Temperature and food mediate long-term thermotactic behavioral plasticity by association-independent mechanisms in C. elegans

Abstract

Thermotactic behavior in the nematode Caenorhabditis elegans exhibits long-term plasticity. On a spatial thermal gradient, C. elegans tracks isotherms near a remembered set-point (T(S)) corresponding to its previous cultivation temperature. When navigating at temperatures above its set-point (T>T(S)), C. elegans crawls down spatial thermal gradients towards the T(S) in what is called cryophilic movement. The T(S) retains plasticity in the adult stage and is reset by approximately 4 h of sustained exposure to a new temperature. Long-term plasticity in C. elegans thermotactic behavior has been proposed to represent an associative learning of specific temperatures conditioned in the presence or absence of bacterial food. Here, we use quantitative behavioral assays to define the temperature and food-dependent determinants of long-term plasticity in the different modes of thermotactic behavior. Under our experimental conditions, we find that starvation at a specific temperature neither disrupts T(S) resetting toward the starvation temperature nor induces learned avoidance of the starvation temperature.
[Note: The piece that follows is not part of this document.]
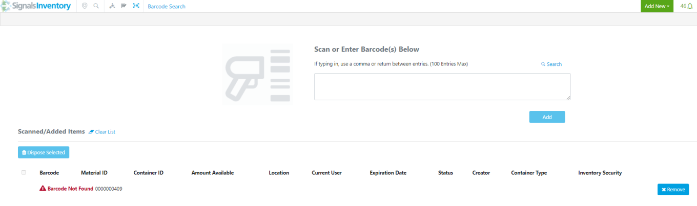 Asset and/or Batch/Lot IDs can be used to request specific records for a single Material type. The interface will support input of 100 records in copy paste with a return between each value. For larger requests up to a limit of 5000 records, user must utilize a properly formatted CSV or TXT file.

We find that prolonged starvation suppresses the cryophilic mode of thermotactic behavior. The hen-1 and tax-6 genes have been reported to affect associative learning between temperature and food-dependent cues. Under our experimental conditions, mutation in the hen-1 gene, which encodes a secreted protein with an LDL receptor motif, does not significantly affect thermotactic behavior or long-term plasticity. Mutation in the tax-6 calcineurin gene abolishes thermotactic behavior altogether. In summary, we do not find evidence that long-term plasticity requires association between temperature and the presence or absence of bacterial food.